▸ TASK GOAL:
No pictures go into the copy. Write out exactly the lines below from the one containing "Figure 4 – The" through the one containing "Full page ads".
[Opening DATA LISTING section]
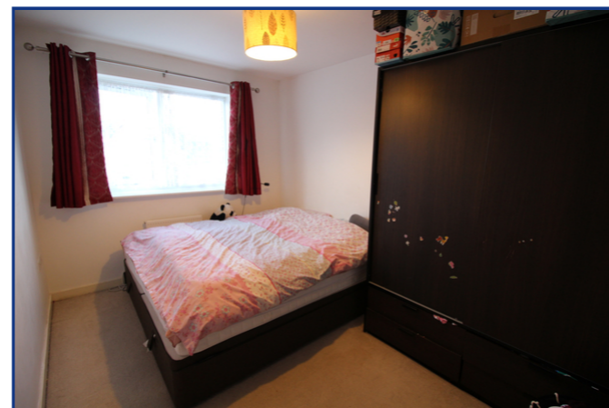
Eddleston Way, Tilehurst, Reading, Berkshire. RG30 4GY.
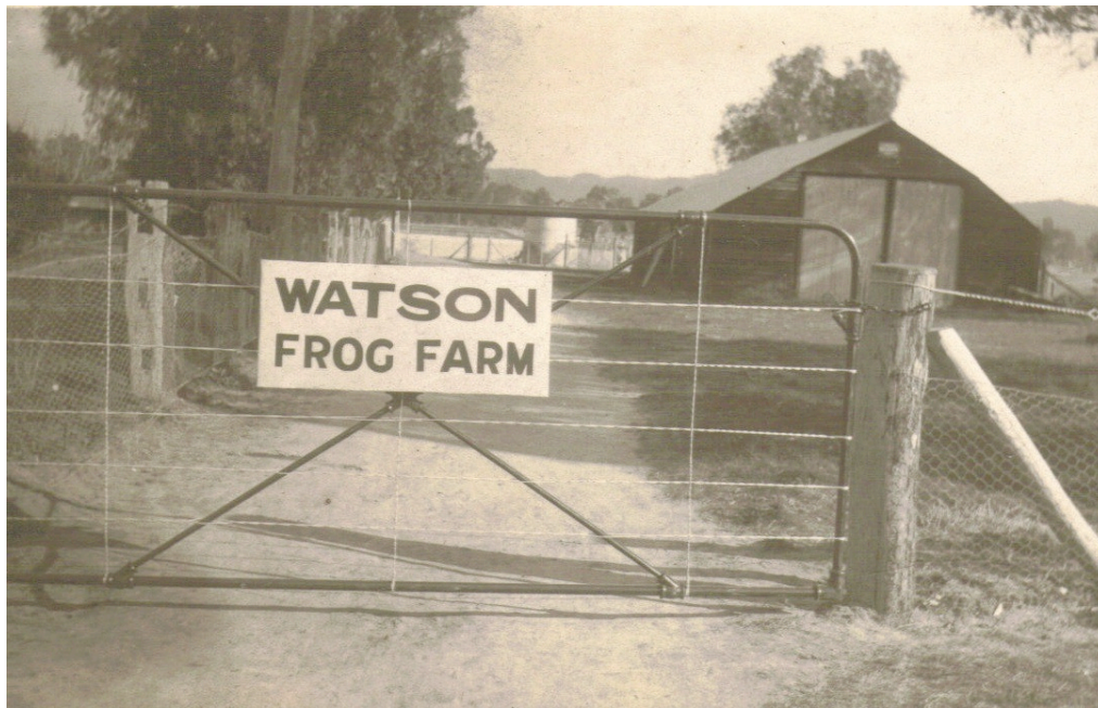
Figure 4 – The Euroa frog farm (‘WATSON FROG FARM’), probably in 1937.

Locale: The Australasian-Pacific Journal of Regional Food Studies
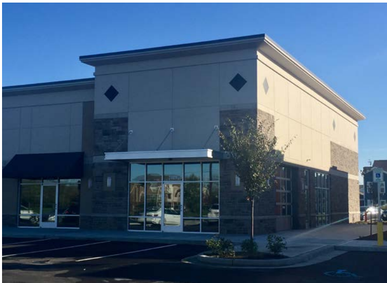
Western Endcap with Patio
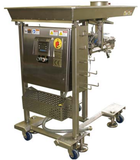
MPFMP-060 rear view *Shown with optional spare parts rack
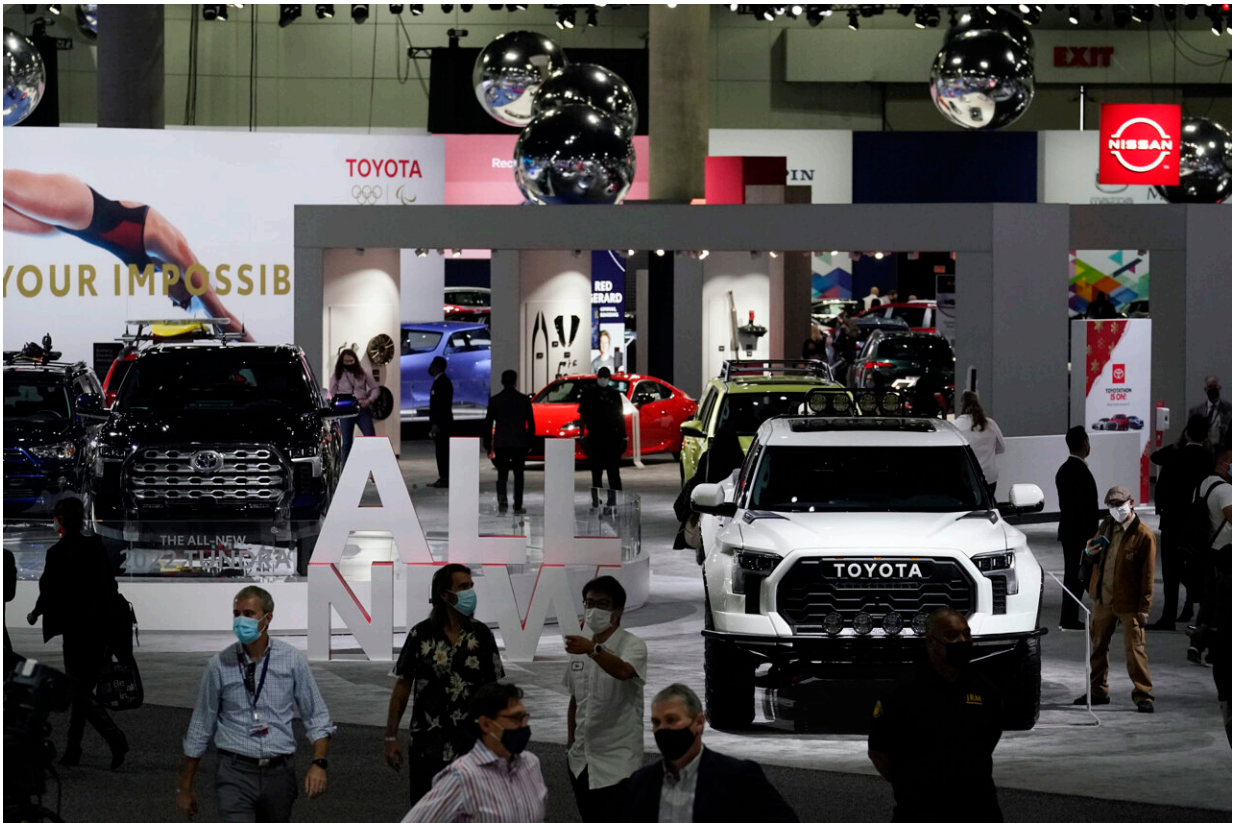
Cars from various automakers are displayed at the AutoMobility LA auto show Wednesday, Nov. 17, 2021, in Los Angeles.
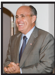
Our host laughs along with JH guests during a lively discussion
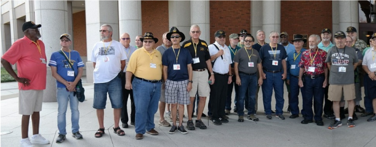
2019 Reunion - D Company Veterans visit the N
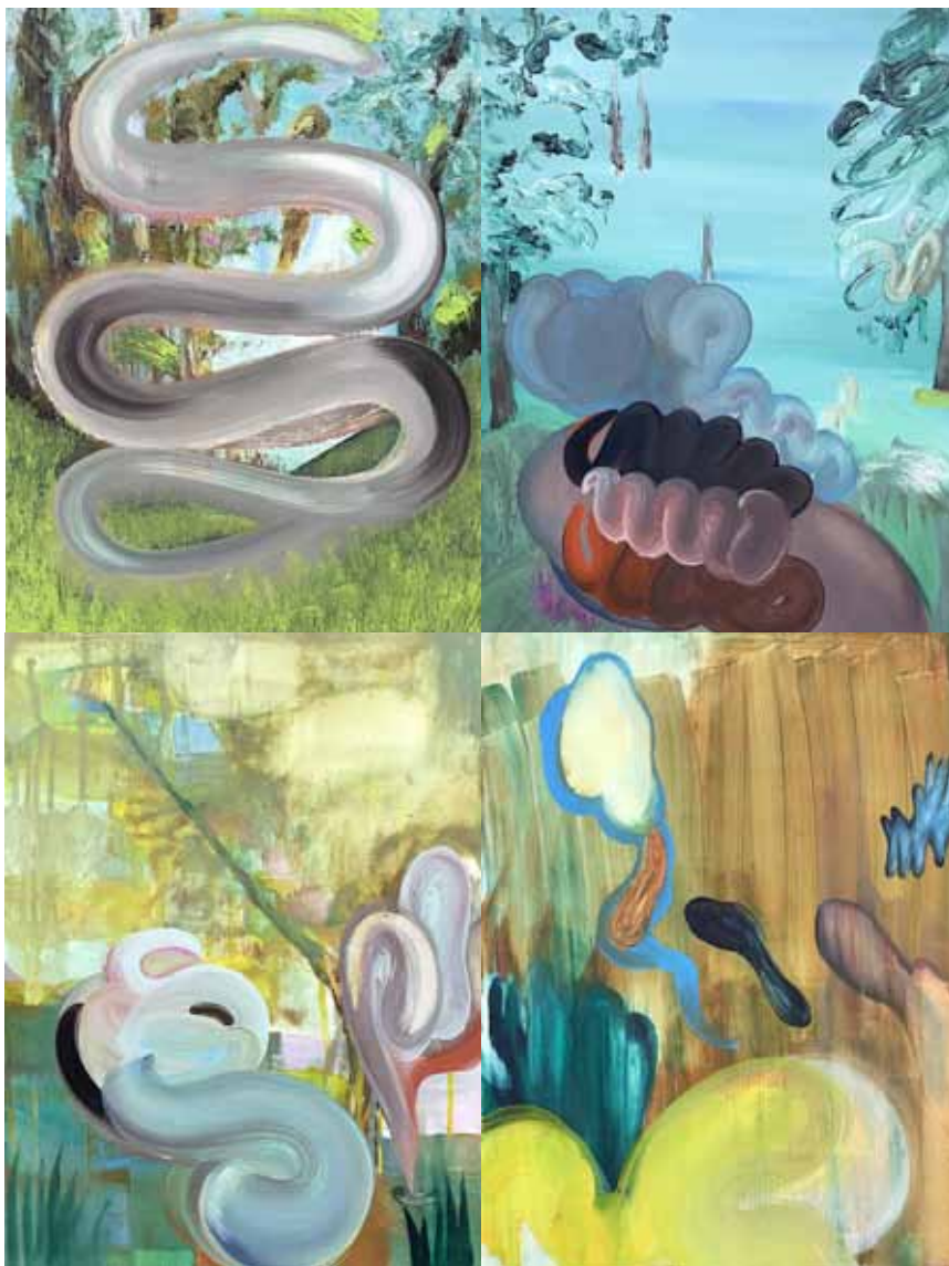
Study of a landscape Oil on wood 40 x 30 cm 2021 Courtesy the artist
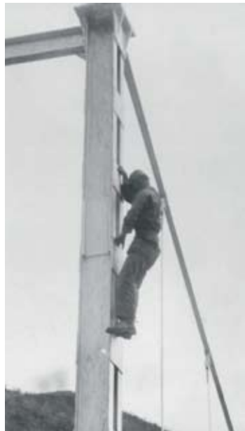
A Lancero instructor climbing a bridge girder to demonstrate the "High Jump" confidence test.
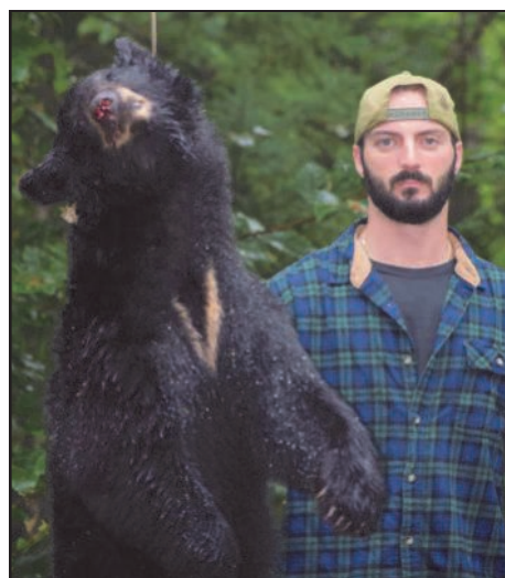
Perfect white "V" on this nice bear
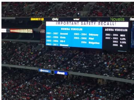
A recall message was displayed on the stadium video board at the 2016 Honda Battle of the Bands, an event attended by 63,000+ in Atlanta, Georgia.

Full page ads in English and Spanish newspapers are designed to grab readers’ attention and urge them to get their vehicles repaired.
[Closing DATA LISTING section]
[Opening DATA LISTING section]
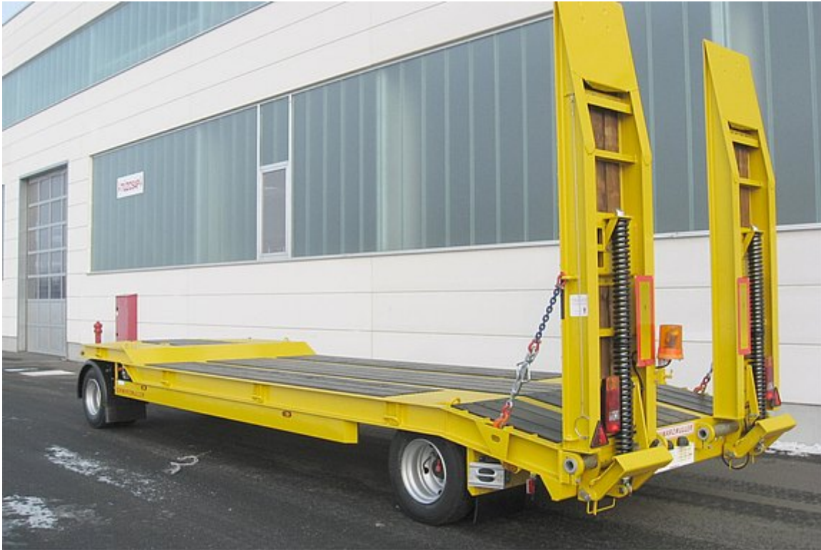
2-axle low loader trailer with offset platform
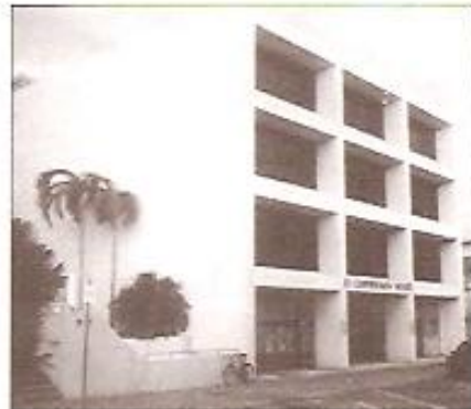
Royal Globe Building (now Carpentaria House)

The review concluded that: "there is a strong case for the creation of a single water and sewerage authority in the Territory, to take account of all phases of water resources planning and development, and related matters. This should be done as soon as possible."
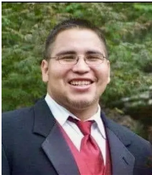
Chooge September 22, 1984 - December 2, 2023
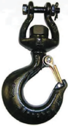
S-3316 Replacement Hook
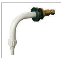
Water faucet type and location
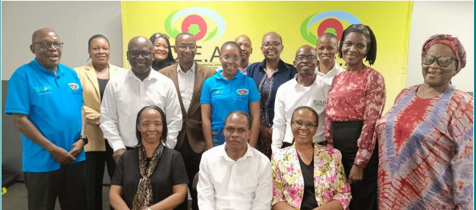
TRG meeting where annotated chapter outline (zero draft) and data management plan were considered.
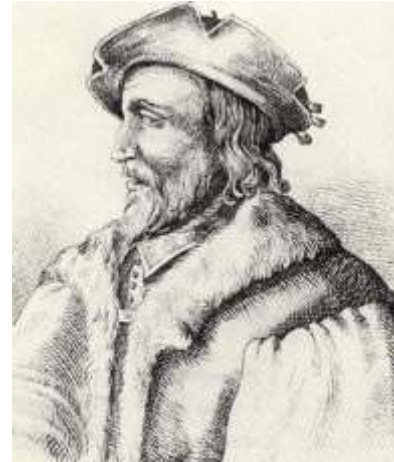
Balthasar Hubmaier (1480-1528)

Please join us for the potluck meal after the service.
[Closing DATA LISTING section]
[Opening DATA LISTING section]
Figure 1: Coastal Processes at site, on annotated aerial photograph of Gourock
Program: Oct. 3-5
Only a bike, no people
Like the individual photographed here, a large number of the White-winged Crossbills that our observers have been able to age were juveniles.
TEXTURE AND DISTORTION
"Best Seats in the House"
[Closing DATA LISTING section]
▸ EXERCISE OUTPUT:
Figure 4 – The Euroa frog farm (‘WATSON FROG FARM’), probably in 1937.

Locale: The Australasian-Pacific Journal of Regional Food Studies
Western Endcap with Patio
MPFMP-060 rear view *Shown with optional spare parts rack
Cars from various automakers are displayed at the AutoMobility LA auto show Wednesday, Nov. 17, 2021, in Los Angeles.
Our host laughs along with JH guests during a lively discussion
2019 Reunion - D Company Veterans visit the N
Study of a landscape Oil on wood 40 x 30 cm 2021 Courtesy the artist
A Lancero instructor climbing a bridge girder to demonstrate the "High Jump" confidence test.
Perfect white "V" on this nice bear
A recall message was displayed on the stadium video board at the 2016 Honda Battle of the Bands, an event attended by 63,000+ in Atlanta, Georgia.

Full page ads in English and Spanish newspapers are designed to grab readers’ attention and urge them to get their vehicles repaired.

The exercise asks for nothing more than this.